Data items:
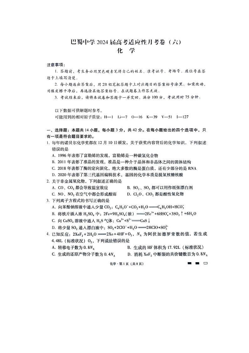 重庆市巴蜀中学2024 届高考适应性月考卷 (六)化学
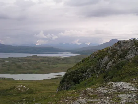 Utsikt över Virihaure mot Staloluokta och Sarekfjällen i bakgrunden. I förgrunden rinner Tukijåkkå ut i Virihaure.
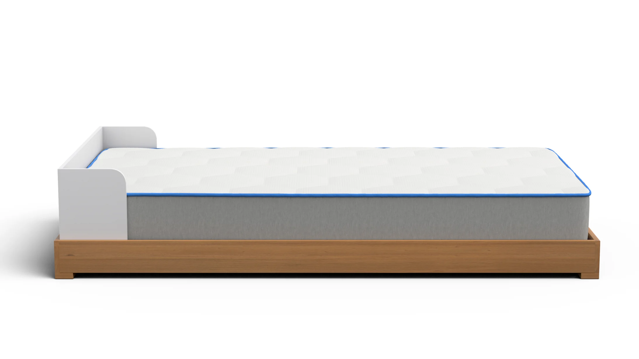 With a sleek look and playful contrasting colors, our Koda Modern Floor Bed offers toddler sleep safety while creating a cozy environment. This bed frame sits low to the ground, making it easy for little ones to climb in and out of bed by themselves and encouraging independence. It’s also crafted with solid pine wood, giving parents peace of mind in its sturdy structure and durability.
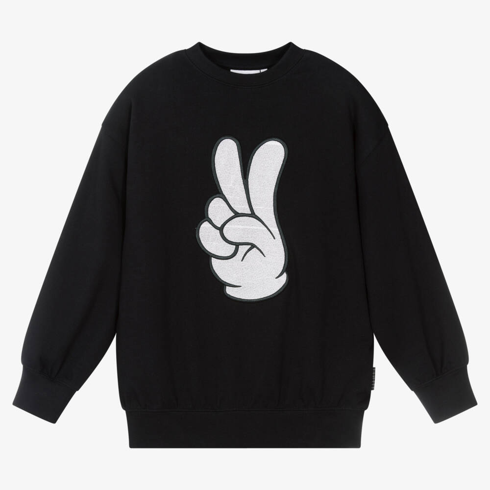 From Danish brand Molo, this black organic cotton sweatshirt is for teen boys. Ideal for layering during the transitional seasons, it has a large white embroidered cartoon hand on the front, making the peace symbol for a cool laid-back look.
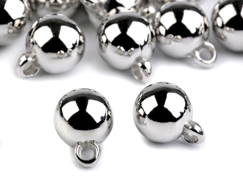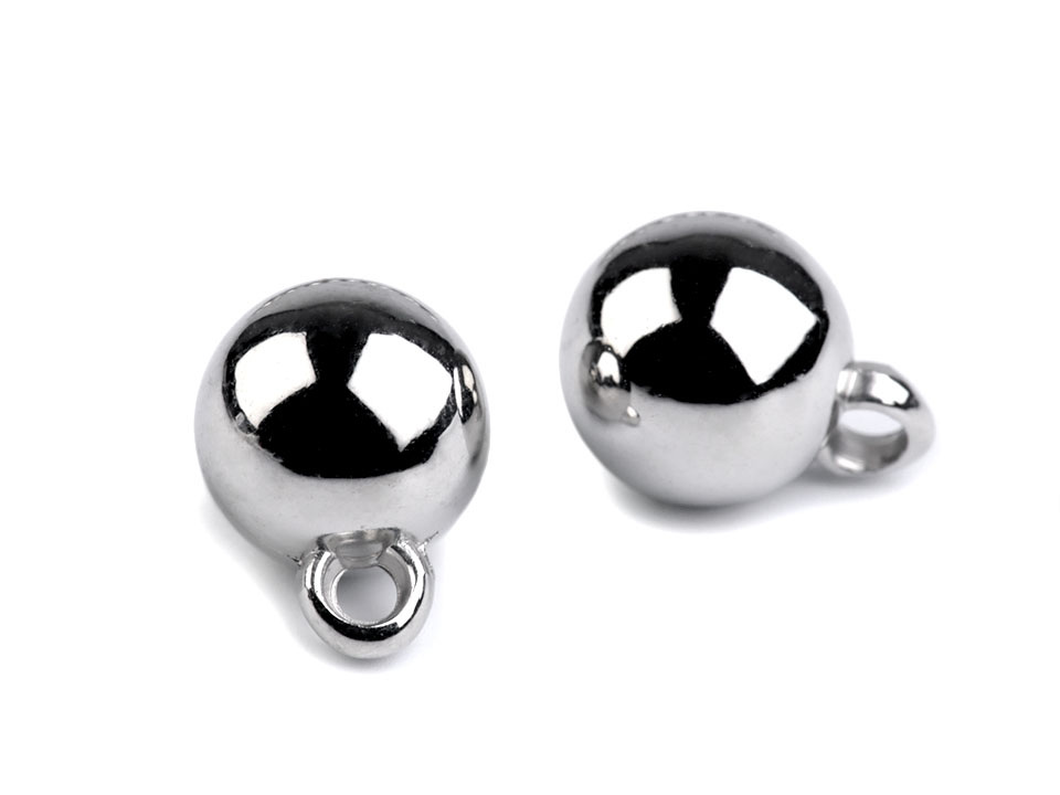 Plastový přívěsek kulička svým tvarem připomíná vánoční baňku.

Your instructions.
Apart from the pictures, every line of the data above should be given again exactly.

Result of the task.
 重庆市巴蜀中学2024 届高考适应性月考卷 (六)化学
 Utsikt över Virihaure mot Staloluokta och Sarekfjällen i bakgrunden. I förgrunden rinner Tukijåkkå ut i Virihaure.
 With a sleek look and playful contrasting colors, our Koda Modern Floor Bed offers toddler sleep safety while creating a cozy environment. This bed frame sits low to the ground, making it easy for little ones to climb in and out of bed by themselves and encouraging independence. It’s also crafted with solid pine wood, giving parents peace of mind in its sturdy structure and durability.
 From Danish brand Molo, this black organic cotton sweatshirt is for teen boys. Ideal for layering during the transitional seasons, it has a large white embroidered cartoon hand on the front, making the peace symbol for a cool laid-back look.
 Plastový přívěsek kulička svým tvarem připomíná vánoční baňku.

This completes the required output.